The report stated that "despite the passage of twenty years since the invasion of the country, the promise of a prosperous and democratic Iraq has not been fulfilled, as the legacy of the US-led war on Iraq was characterized by political instability, sectarian violence, corruption, and the failure to form a sustainable and accountable government."
He added, "Since the US-led invasion, the lack of political stability and security has not only destroyed the country's economy, infrastructure and social fabric, but has also resulted in Iraq's inability to attract significant foreign investment. This has been exacerbated by the emergence of extremist groups such as ISIS."
And he continued, “Last October, an investigation revealed that a staggering $2.5 billion in misappropriated tax money was stolen, in what was described as the “theft of the century.” The embezzlement case, which involves a network of senior officials, politicians and companies, is just one of a number of major corruption scandals that have made headlines in the country amid estimates that nearly $320 billion was lost due to corruption from state coffers in the 15 years after 2003.
And the report stated, “Officials and politicians in Iraq are often accused of stealing public funds and resources for personal gain, including oil revenues as a result of fake salaries and fake employees, to bribery and even oil smuggling. This rampant corruption that has plagued Iraq for decades has reduced the amount of funds available.” To invest in the country's inefficient energy sector, infrastructure and economic development in general.

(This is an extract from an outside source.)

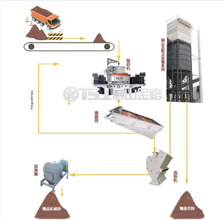 物料首先從原料倉(cāng)經(jīng)過(guò)電子秤進(jìn)入到皮帶輸送機(jī)中,再由提升機(jī)將物料入到制砂機(jī)內(nèi)進(jìn)行破碎處理,破碎后的物料進(jìn)入高頻篩中進(jìn)行篩分,篩分后的較大物料會(huì)返回制砂機(jī)內(nèi)進(jìn)行二次破碎,符合要求的砂子則會(huì)進(jìn)入選粉機(jī)中進(jìn)行選粉處理,產(chǎn)生的粉塵會(huì)經(jīng)由粗細(xì)粉分離機(jī)進(jìn)入到布袋收塵器。最后,篩分選粉合格的產(chǎn)品會(huì)進(jìn)入加濕拌合機(jī)進(jìn)行加水處理,防止機(jī)制砂在運(yùn)輸過(guò)程中產(chǎn)生離析或揚(yáng)塵。

And he stated, “In addition to mismanagement and lack of accountability, the lack of transparency has impeded the country’s ability to effectively manage the distribution of its oil wealth; The public is left with little information about how oil revenues are spent and how contracts are awarded.
He pointed out that "Iraq's oil wealth is still a major driver of its economy, but the country faces serious challenges in addressing the large gap between supply and demand and the effective management of its resources and distribution for the benefit of its citizens, whose daily lives are affected by the lack of reliable sources."